The RCA was founded in Somerset House in 1837 as the Government School of Design or Metropolitan School of Design. By 1848, more than 300 students were attending classes each day.

The number of pupils at present (June 1848) attending at Somerset House is about 80 in the morning, 260 in the evening, and about 50 females. The greater part of the students are the sons of tradesmen and of the upper class of artisans; the females are principally the daughters of professional men, or such as are being educated for governesses.

Richard Burchett became head of the school in 1852.

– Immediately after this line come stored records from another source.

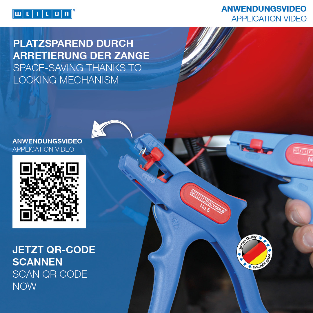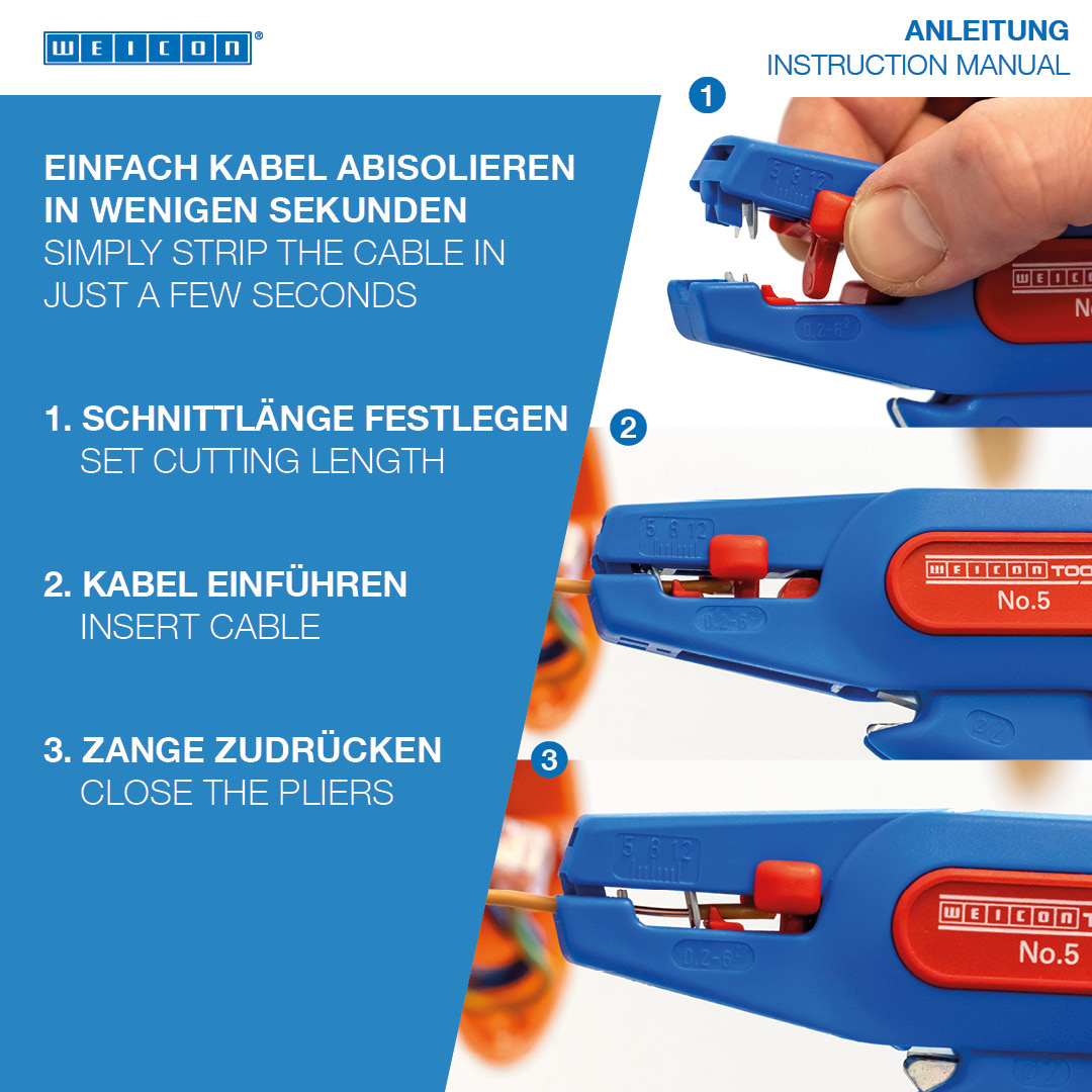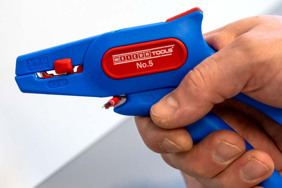 automatic wire stripper for all common stranded and solid conductors (0.2 – 6.0 mm²) I very easy to operate I precise working thanks to adjustable length stop (5 - 12 mm)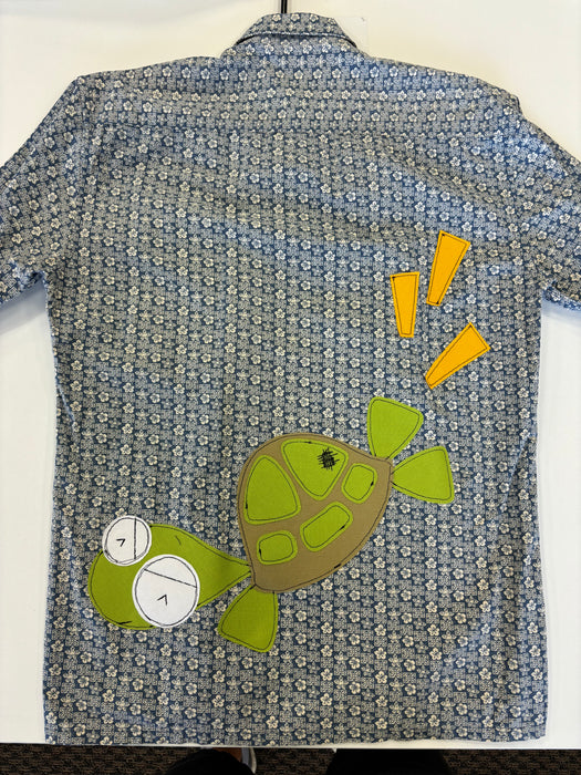 A (the) Lisa Inez raw-edged, spliced, no-waste mashup of reclaimed/deadstock materials. Unisex. Prewashed. Size: Small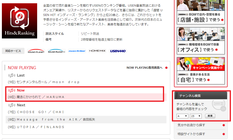 こちらのページから「チャンネル検索」よりチャンネルを選ぶと、「NOW PLAYING」となっている曲を探せば探せば、今流れている曲がわかります。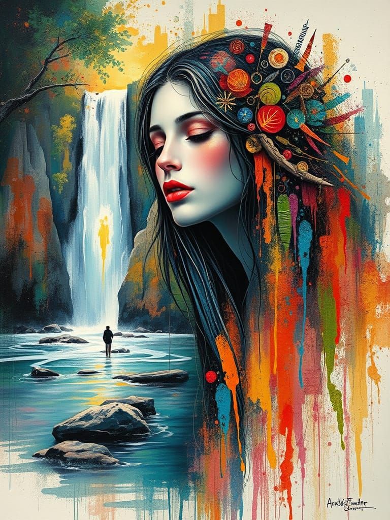 This image shows a colorful and haunting portrait of La Llorona set against a dramatic waterfall backdrop, blending elements of mixed media and poster art.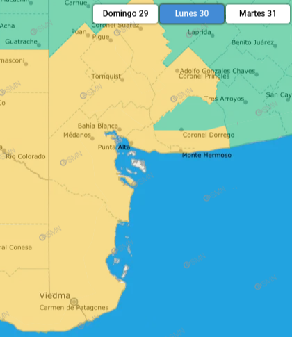 Las advertencias rigen para este lunes y el martes. abarca a los distritos de Bahía Blanca, Rosales, Dorrego, Monte Hermoso, Patagones, Villarino, Puan, Saavedra, Tornquist, Suárez, Pringles, Alsina, Guaminí y el sur de Dorrego.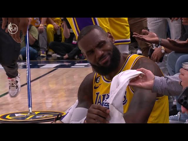 LeBron thanks Nuggets fan for towel after taking a spill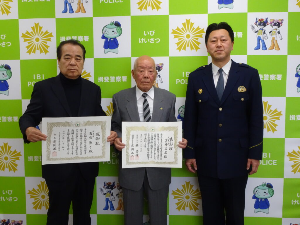揖斐地区交通安全協会から推薦を受け、交通安全功労者として交通栄誉章緑十字銀章を受章された高橋正昭さんが、令和8年1月30日、揖斐警察署を訪問し、國枝揖斐警察署長と久保田揖斐地区交通安全協会長に受章を報告しました。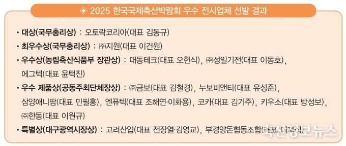 2025 한국국제축산박람회(조직위원장 이승호 (사)한국낙농육우협회장, KISTOCK 2025)가 지난 9월 10~12일까지 대구 EXCO 서관 1층 전관과 야외전시장에서 ‘축산의 고유 가치와 디지털 이행’을 주제로 3일간의 일정을 마무리하고 성황리에 막을 내렸다.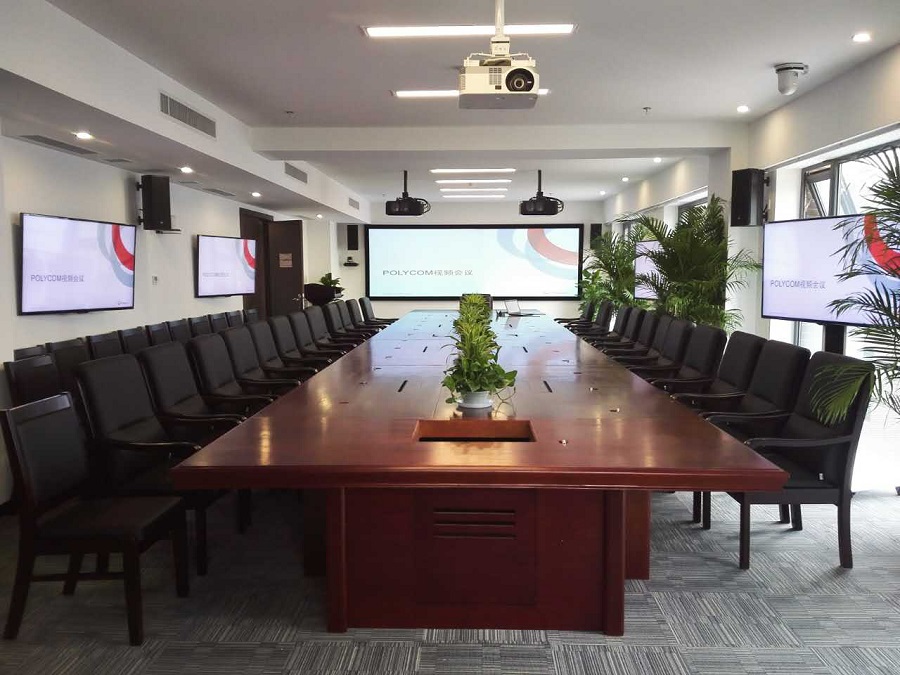 会议室一:高清投影融合、高标清混合矩阵(DM)、嵌入式数字会议话筒(摄像联动)、集中控制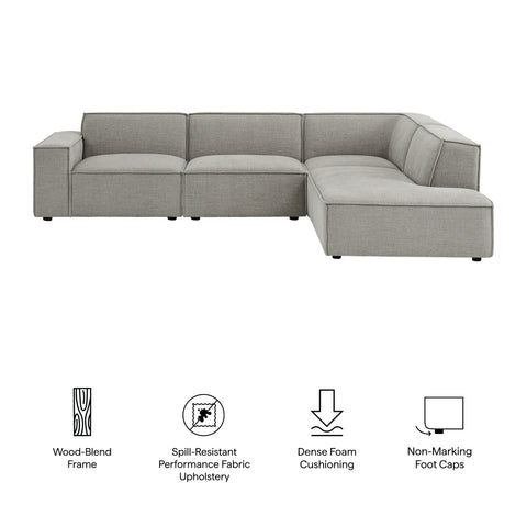 Restore 4-Piece Performance Fabric Upholstered Modular L-Shaped Sofa in Ecru by Modway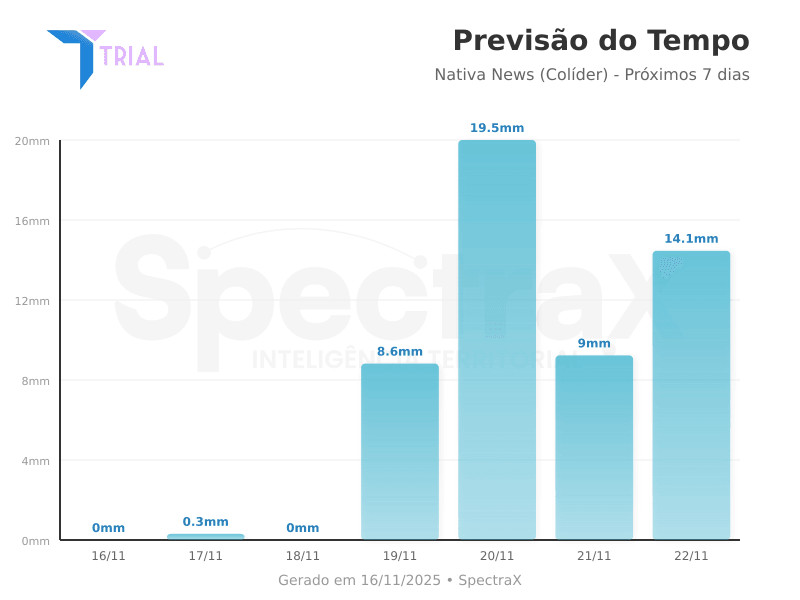 O gráfico disponibilizado pela SpectraX indica aumento gradual no volume de chuva até atingir o ponto mais crítico da semana na quarta-feira (19), com 19,2 mm de precipitação o maior acumulado entre 16 e 22 de novembro.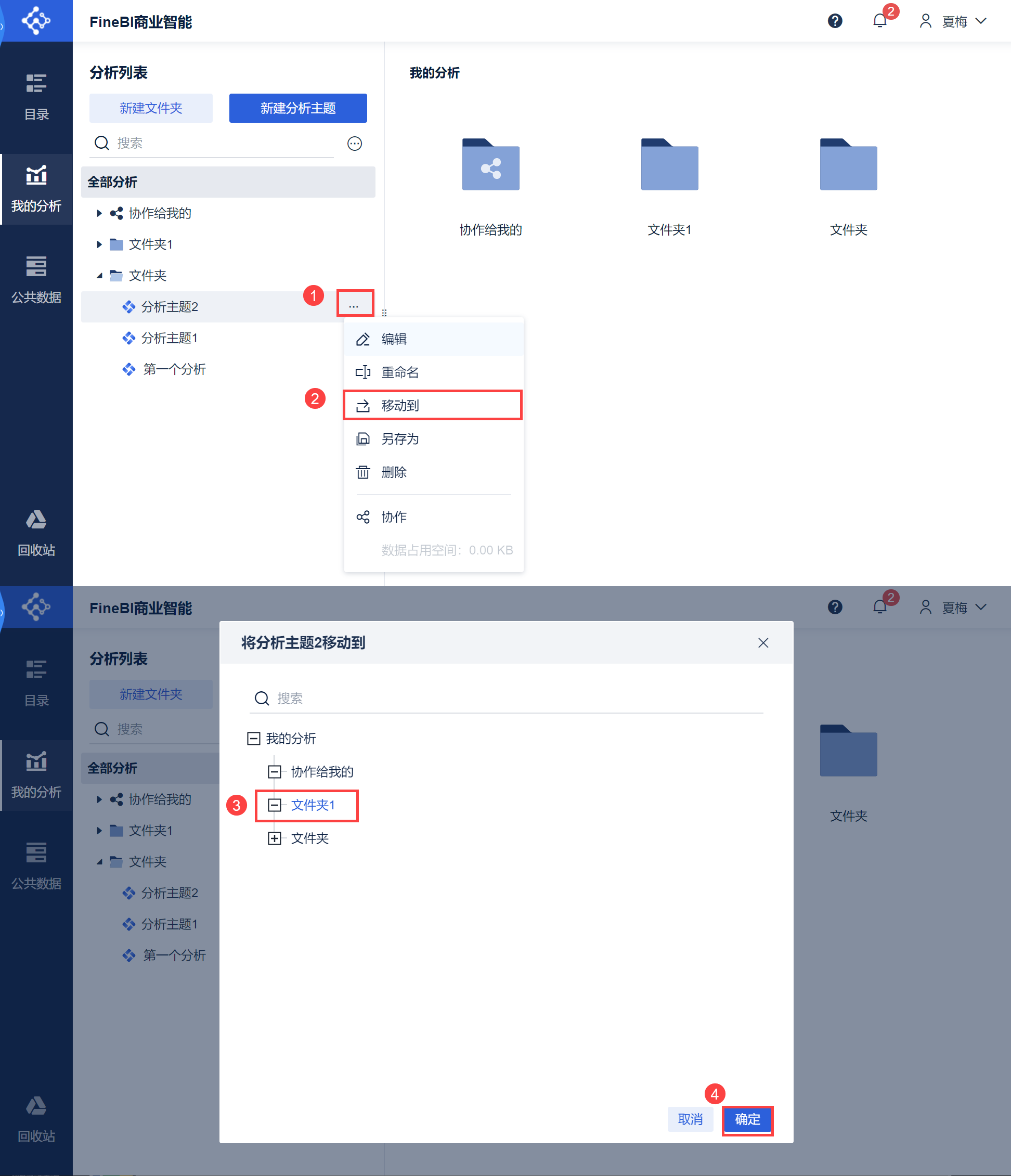 点击「...>移动到」,即可将分析主题移动到文件夹对应位置,点击「确定」,如下图所示: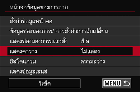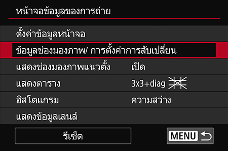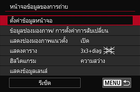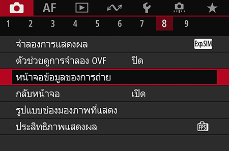ไปที่เมนูสีแดง หาและเลือกเมนู “หน้าจอข้อมูลของการถ่าย”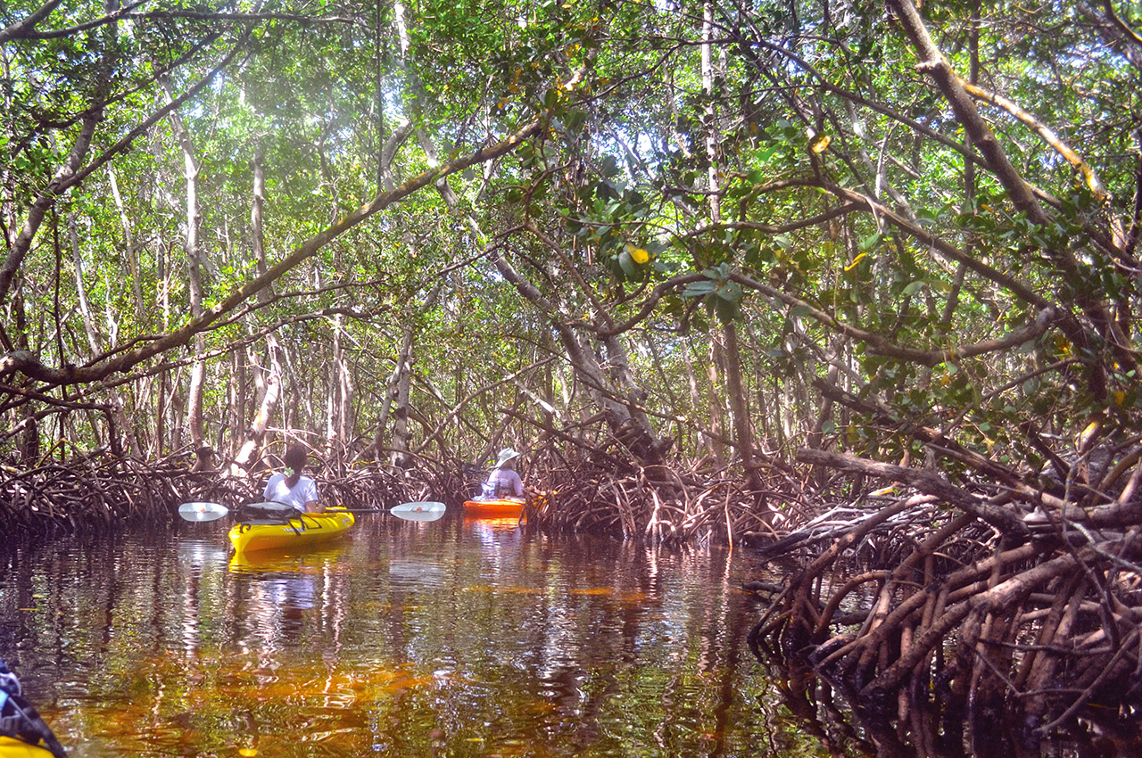 Since we live in south Florida, our favourite spots to paddle are amongst the narrow canals deep into the mangroves. When you get far enough into that ecosystem, you’re fortunate enough to witness the wild habitat in its most natural state. It’s hard to explain the feeling when a dolphin swims near our kayak but we start to feel like one of them, as crazy as that may sound. It’s also very easy to get lost within the intricate framework of canals but there’s something romantic about that adventurous feeling. We always pack some extra water and food just in case we drift into some Huckleberry Finn type of experience.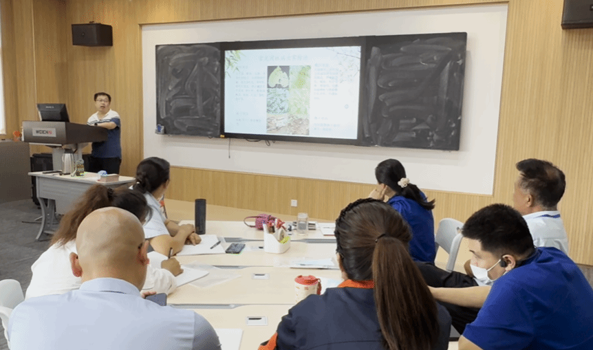 培训第一部分,李重阳老师围绕“园林植物病虫害综合防治技术”进行了系统讲解。他结合潍柴集团厂区及生活区的实际绿化环境,深入浅出地介绍了北方地区常见园林病虫害的识别特征、发生规律及绿色防控策略。李老师重点强调了科学用药、生物防治与生态调控相结合的综合治理理念,并通过大量实物图片和典型案例分析,使枯燥的理论知识变得生动直观,学员们听得津津有味,不时记录要点。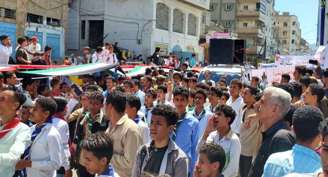 وقال المشاركون في المسيرة ” أننا نعيش في تعز ونتجرع المعاناة المتمثلة بالحصار والقتل المستمر من قبل مليشيا الحوثي الارهابية التي ما زالت ترتكب الجرائم العدوانية بحق أبناء تعز منذ تسع سنوات، وندعو العالم الى إيقاف هذه المأساة الانسانية في تعز وغزة”.

The Science and Art Department was a government department established in 1853 to promote education in art, science, technology, and design in Britain and Ireland. The Department funded a large site in South Kensington that housed the Science and Art Department, the South Kensington Museum, and other bodies, and the Science and Art Department took over the Government School of Design. Owing to this association, the college has been referred to in several (mostly colonial) sources as the "South Kensington School of Science and Art".

In 1853 it was expanded and moved to Marlborough House, and then, in 1853 or 1857, to South Kensington, on the same site as the South Kensington Museum. It was renamed the Normal Training School of Art in 1857 and the National Art Training School in 1863. During the later 19th century it was primarily a teacher training college; pupils during this period included George Clausen, Christopher Dresser, Luke Fildes, Kate Greenaway and Gertrude Jekyll.

In September 1896, the school received the name "Royal College of Art", and the emphasis of teaching there shifted to the practice of art and design. The Science and Art Department was merged into the Board of Education in 1899.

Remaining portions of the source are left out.